Margaret Mead (December 16, 1901 – November 15, 1978) was an American cultural anthropologist, who was frequently a featured writer and speaker in the mass media throughout the 1960s and 1970s.

She was both a popularizer of the insights of anthropology into modern American and Western culture, and also a respected, if controversial, academic anthropologist. Her reports about the attitudes towards sex in South Pacific and Southeast Asian traditional cultures amply informed the 1960s sexual revolution. Mead was a champion of broadened sexual mores within a context of traditional western religious life.
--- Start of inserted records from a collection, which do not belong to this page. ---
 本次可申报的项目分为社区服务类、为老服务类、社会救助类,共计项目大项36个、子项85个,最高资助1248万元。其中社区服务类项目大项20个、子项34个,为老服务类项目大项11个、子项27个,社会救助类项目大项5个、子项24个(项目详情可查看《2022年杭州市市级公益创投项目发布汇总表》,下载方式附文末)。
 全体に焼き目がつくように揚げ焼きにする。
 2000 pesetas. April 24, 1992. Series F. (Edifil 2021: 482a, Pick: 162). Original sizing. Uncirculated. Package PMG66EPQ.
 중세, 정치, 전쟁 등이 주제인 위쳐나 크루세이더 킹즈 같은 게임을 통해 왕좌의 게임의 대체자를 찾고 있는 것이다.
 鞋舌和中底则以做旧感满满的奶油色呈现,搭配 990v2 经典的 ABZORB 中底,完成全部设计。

An Anglican Christian, she played a considerable part in the drafting of the 1979 American Episcopal Book of Common Prayer.[1]:347-348

She was a recognizable figure in academia, usually wearing a distinctive cape and carrying a tall, forked walking stick.[2]
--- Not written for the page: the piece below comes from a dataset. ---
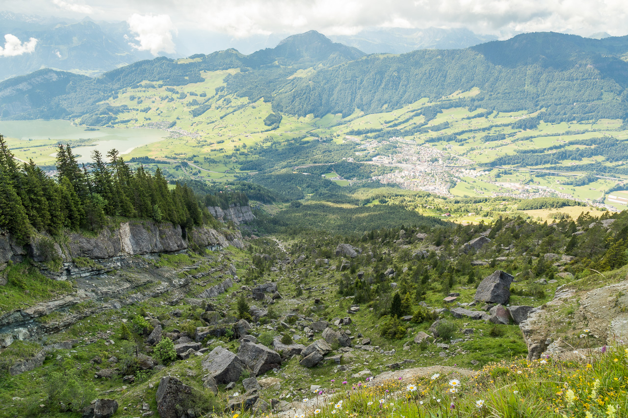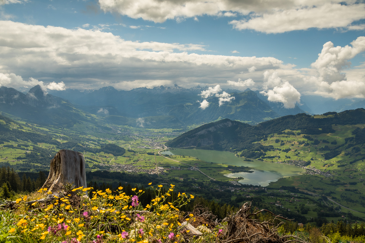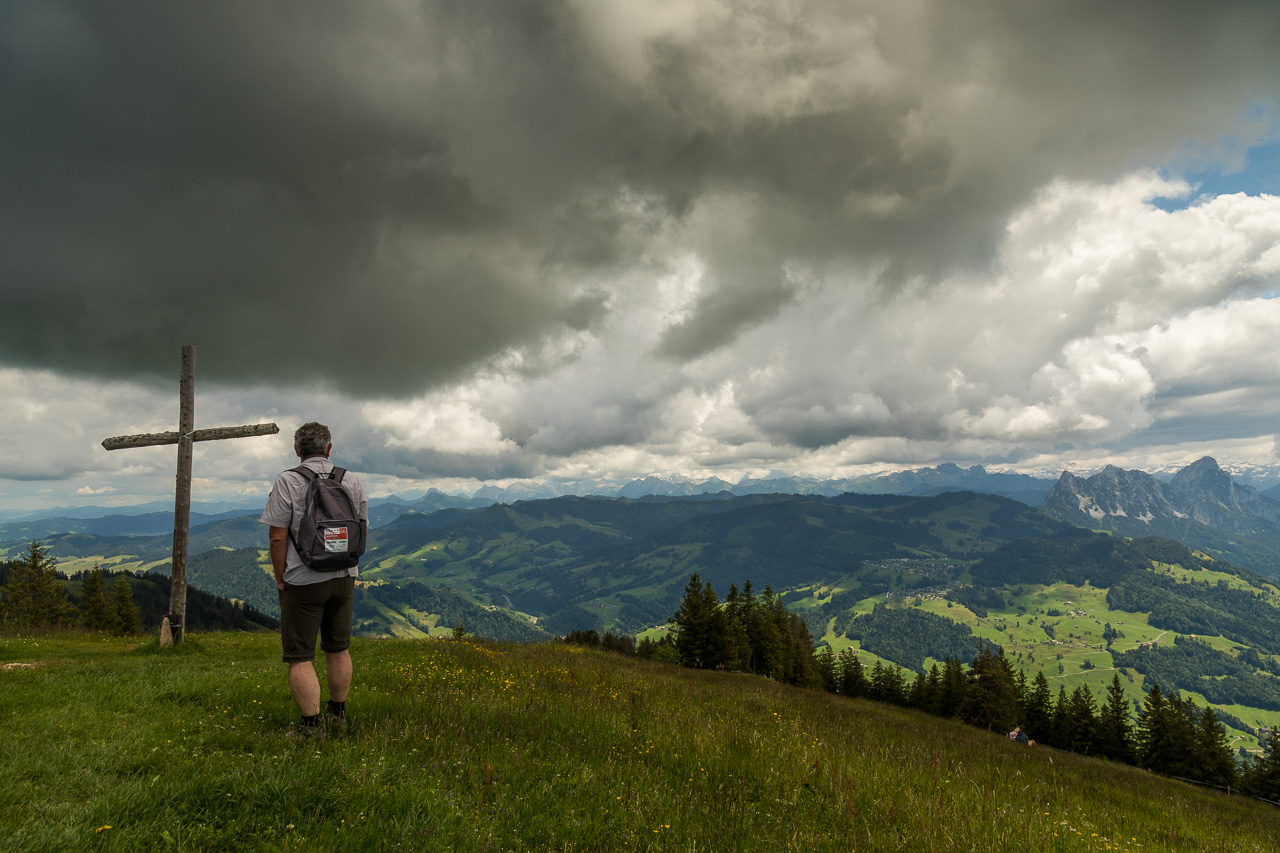 Was für ein Kontrast, als wir beim Kreuz eintreffen, das bereits von Goldau aus zu sehen ist! Eine liebliche Wiese, voller Blumen, empfängt uns oben. Silvan ist hin und weg: „Boaaah, diese Blumen!“ Und schon kriecht er am Boden herum, fotografiert Blume um Blume. Er hat gar kein Auge für die Aussicht. Diese geniessen wir dafür. Fantastisch, was man alles sieht von hier oben, trotz den Wolken in den Bergen. Der ganze Jurabogen zeichnet sich im Westen am Horizont ab, die Mittellandseen können wir schwach erkennen. Und dann der Blick von oben ins Bergsturzgebiet, ein Frösteln läuft einem über den Rücken, wenn man daran denkt, was damals passierte.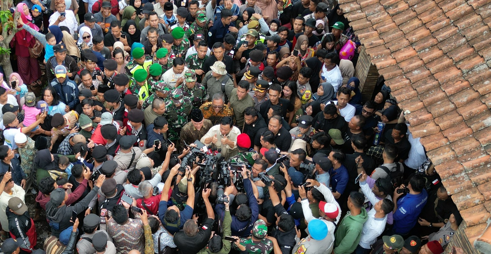 Prabowo yang berjalan menuju ke tempat itu juga disambut riuh tepuk tangan para warga yang turut menyemarakkan meski di tengah kerumunan yang saling berdesakan ingin berinteraksi dengan Prabowo secara langsung.

Birth, early family life and education

Mead was the first of five children, born into a Quaker family,[3] and raised in Doylestown, Pennsylvania. Her father, Edward Sherwood Mead, was a professor of finance at the Wharton School of the University of Pennsylvania, and her mother, Emily Fogg Mead,[4] was a sociologist who studied Italian immigrants.[5] Her sister Katharine (1906-1907) died at the age of nine months. This was a traumatic event for Mead, who had named this baby, and thoughts of her lost sister permeated her daydreams for many years.[1] Her family moved frequently, so her early education alternated between home-schooling and traditional schools.[5] Margaret studied one year, 1919, at DePauw University, then transferred to Barnard College where she earned her Bachelor's degree in 1923.
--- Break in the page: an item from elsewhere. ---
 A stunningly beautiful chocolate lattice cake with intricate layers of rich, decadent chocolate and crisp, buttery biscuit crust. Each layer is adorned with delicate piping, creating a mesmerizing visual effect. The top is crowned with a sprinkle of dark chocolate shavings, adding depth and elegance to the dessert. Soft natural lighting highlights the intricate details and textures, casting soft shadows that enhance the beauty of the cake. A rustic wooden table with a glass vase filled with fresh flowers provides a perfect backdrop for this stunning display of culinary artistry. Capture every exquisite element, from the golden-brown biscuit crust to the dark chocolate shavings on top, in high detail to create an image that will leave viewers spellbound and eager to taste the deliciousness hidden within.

She studied with Professor Franz Boas and Dr. Ruth Benedict at Columbia University before earning her Master's in 1924.[6] Mead set out in 1925 to do fieldwork in Polynesia.[7] In 1926, she joined the American Museum of Natural History, New York City, as assistant curator.[8] She received her Ph.D. from Columbia University in 1929.[9]

Both of Mead's surviving sisters were married to famous men. Elizabeth Mead (1909-1983), an artist and teacher, married cartoonist William Steig, and Priscilla Mead (1911-1959) married author Leo Rosten. Mead also had a brother.

Personal life

Mead was married three times. All her husbands were anthropologists. Her first husband (1923–1928) was Luther Cressman, a theology student at the time who eventually became an anthropologist. Mead dismissively characterized their union as "my student marriage" in Blackberry Winter, a sobriquet with which Cressman took vigorous issue. Her second husband was New Zealander Reo Fortune, a Cambridge graduate (1928–1935). As an anthropologist, his Sorcerers of Dobu remains the locus classicus of eastern Papuan anthropology, but he is best known instead for his Fortunate number theory. She described her second marriage as more passionate than the first, embarked upon when she was told that she could not have children and abandoned when she was given hope by another physician that childbearing might indeed be possible.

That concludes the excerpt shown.